В приемной Гелена обоих посетителей встретил его секретарь, тоже в гражданском и тоже с военной выправкой.
— Я уже доложил о вашем приезде шефу. Пожалуйста, пройдите, герр Нунке, — любезно приглашает он. Его лицо, фигура просто источают любезность, словно он встречает не вызванных шефом подчиненных, а своих собственных гостей. — Вам, герр Шульц, придется немного подождать. Надеюсь, недолго. Пожалуйста, устраивайтесь как можно удобнее, на столике есть новые журналы, пепельница. Как видите, курить у нас не возбраняется. Я сам завзятый курильщик и понимаю, что значат одна-две сигареты перед разговором с начальством.

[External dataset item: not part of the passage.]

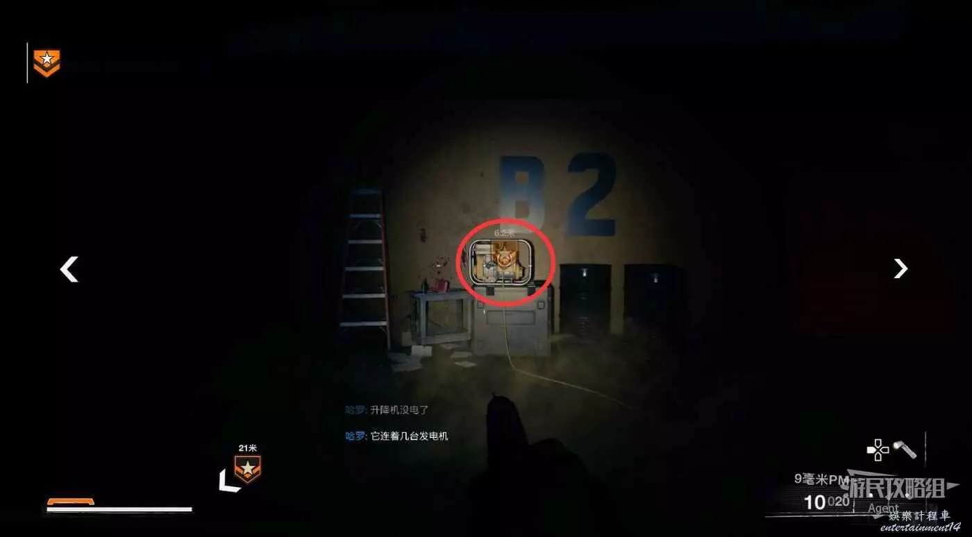 找第二塊玻璃碎片時落下來,按紅色按鈕發現升降機沒電,需要去找到並啟動四台發電機。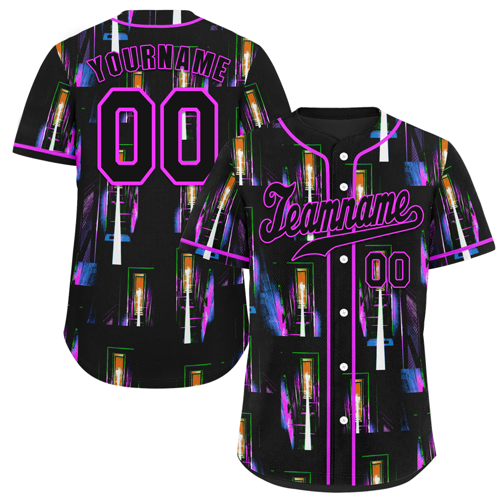 Corporate Gifts,Custom Colorful Graffiti Pattern Black Authentic Baseball Jersey

— Тогда я тотчас этим воспользуюсь. Разрешите предложить и вам? — Григорий вынул пачку «Честерфилда» и протянул ее секретарю.
— Именно моя марка. Весьма благодарен. Охотно выкурю сигарету в вашей компании. Сегодня шеф не очень загрузил меня писаниной, так что могу позволить себе подобную роскошь.
Закурив, оба расположились у журнального столика, вверх поднялись две струйки дыма.
— Как там Берлин, герр Шульц?
— Не так хорошо, как хотелось бы, герр…?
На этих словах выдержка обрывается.